_WHAT YOU SHOULD DO_
A word-for-word copy of the records is needed, with every picture left out.

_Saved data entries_
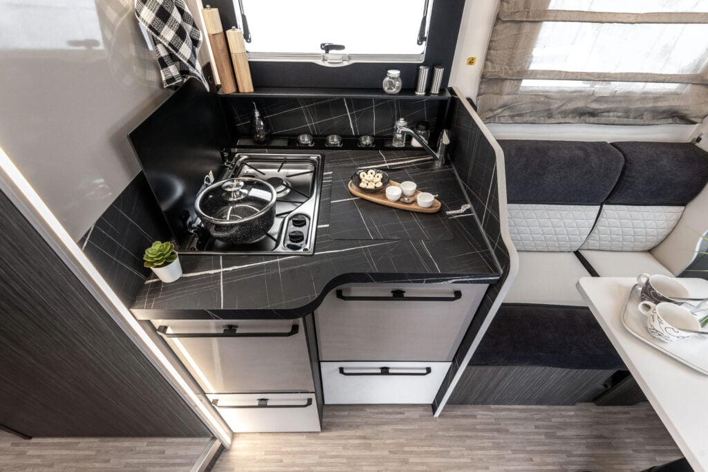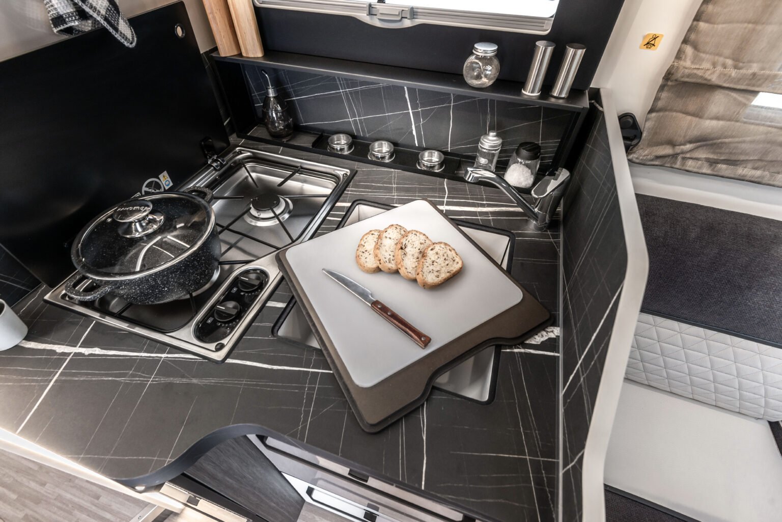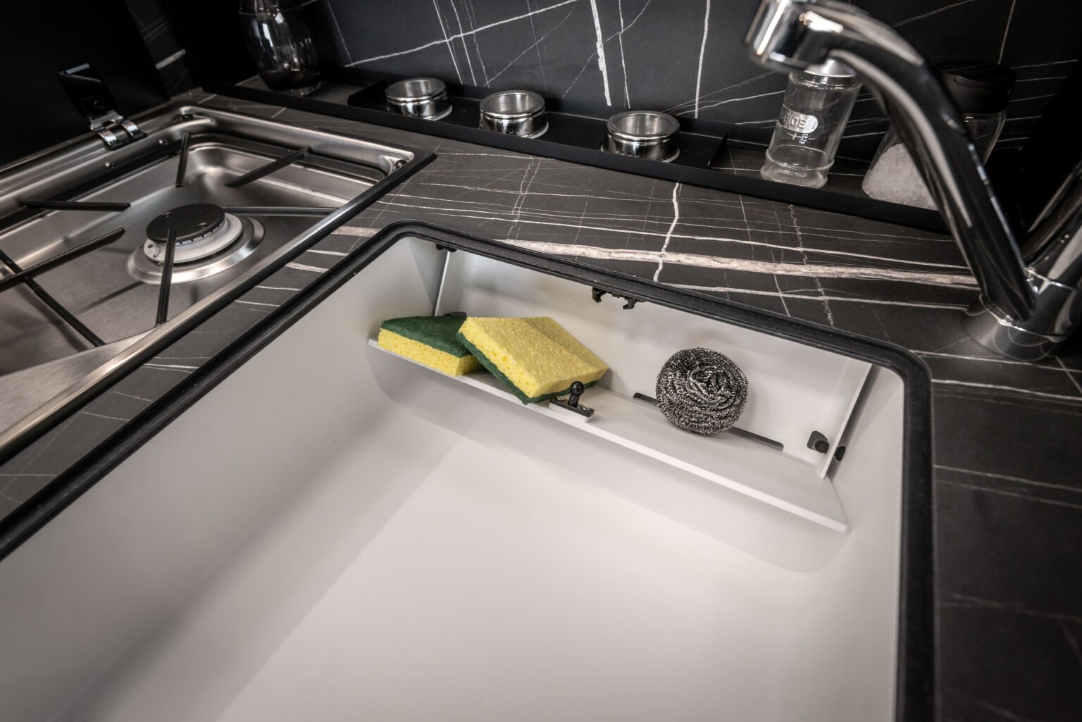 La cocina combina estilo y funcionalidad en un ambiente cuidado y perfectamente organizado. La placa de cocción con 2 fogones premium y el fregadero con desagüe invisible y porta esponjas integrado garantizan practicidad y comodidad durante el viaje. Los amplios compartimentos de almacenamiento, que incluyen armarios con estantes, cestos con cierre suave y cajones internos, permiten mantener los utensilios y las provisiones siempre ordenados.
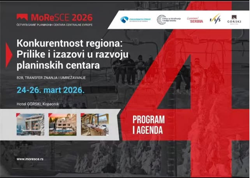 Skijališta Srbije i Centar za istraživanja i studije turizma će na Kopaoniku od 24. do 26. marta 2026. godine biti domaćin četvrtog MoReSCE samita planinskih centara Centralne Evrope, događaja koji iz godine u godinu potvrđuje značaj ski-centra Kopaonik kao jednog od ključnih mesta susreta turističke i infrastrukturne struke u regionu.
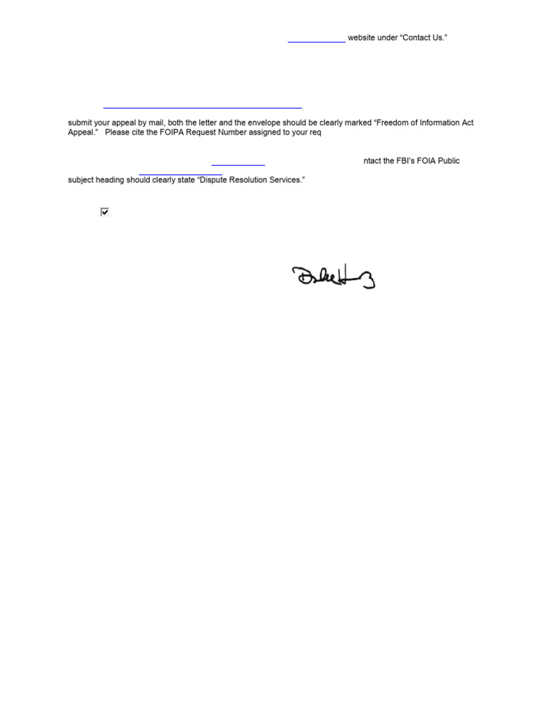 Appeal.” Please cite the FOIPA Request Number assigned to your request so it may be easily identified.
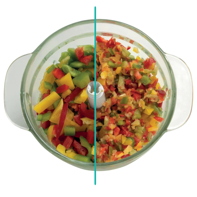Подрібнювач із високоякісними ножами — це ідеальний помічник під час приготування страв із різною текстурою. Використовуйте його, щоб швидко нарізати великі шматки овочів або фруктів, подрібнити горіхи або приготувати кремоподібне пюре.
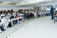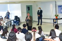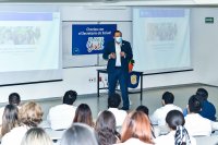 León, Gto., a 1 de noviembre de 2022.- La comunidad estudiantil de la División de Ciencias de la Salud del Campus León de la Universidad de Guanajuato (UG) recibió una conferencia impartida por el Dr. Daniel Alberto Díaz Martínez; Secretario de Salud del Estado de Guanajuato, titulada "Estrategia para la prevención universal de adicciones en jóvenes de Gto.". Actividad que forma parte del programa Charlas con el Secretario de Salud en instituciones educativas.
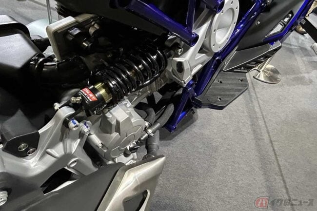 原付二種区分の125ccモデル(最高出力12.5HP)と軽二輪区分の200ccモデル(最高出力17.5HP)が用意されたドラッグスターでは、イタルジェット独自のIndependent Steering System=I.S.S.(インデペンデント・ステアリング・システム)を採用することで、かつて販売されていたヤマハ「GTS1000」のような片持ちのハブセンターステアリングが実現されています。

_ANSWER BOX_
 La cocina combina estilo y funcionalidad en un ambiente cuidado y perfectamente organizado. La placa de cocción con 2 fogones premium y el fregadero con desagüe invisible y porta esponjas integrado garantizan practicidad y comodidad durante el viaje. Los amplios compartimentos de almacenamiento, que incluyen armarios con estantes, cestos con cierre suave y cajones internos, permiten mantener los utensilios y las provisiones siempre ordenados.
 Skijališta Srbije i Centar za istraživanja i studije turizma će na Kopaoniku od 24. do 26. marta 2026. godine biti domaćin četvrtog MoReSCE samita planinskih centara Centralne Evrope, događaja koji iz godine u godinu potvrđuje značaj ski-centra Kopaonik kao jednog od ključnih mesta susreta turističke i infrastrukturne struke u regionu.
 Appeal.” Please cite the FOIPA Request Number assigned to your request so it may be easily identified.
Подрібнювач із високоякісними ножами — це ідеальний помічник під час приготування страв із різною текстурою. Використовуйте його, щоб швидко нарізати великі шматки овочів або фруктів, подрібнити горіхи або приготувати кремоподібне пюре.
 León, Gto., a 1 de noviembre de 2022.- La comunidad estudiantil de la División de Ciencias de la Salud del Campus León de la Universidad de Guanajuato (UG) recibió una conferencia impartida por el Dr. Daniel Alberto Díaz Martínez; Secretario de Salud del Estado de Guanajuato, titulada "Estrategia para la prevención universal de adicciones en jóvenes de Gto.". Actividad que forma parte del programa Charlas con el Secretario de Salud en instituciones educativas.
 原付二種区分の125ccモデル(最高出力12.5HP)と軽二輪区分の200ccモデル(最高出力17.5HP)が用意されたドラッグスターでは、イタルジェット独自のIndependent Steering System=I.S.S.(インデペンデント・ステアリング・システム)を採用することで、かつて販売されていたヤマハ「GTS1000」のような片持ちのハブセンターステアリングが実現されています。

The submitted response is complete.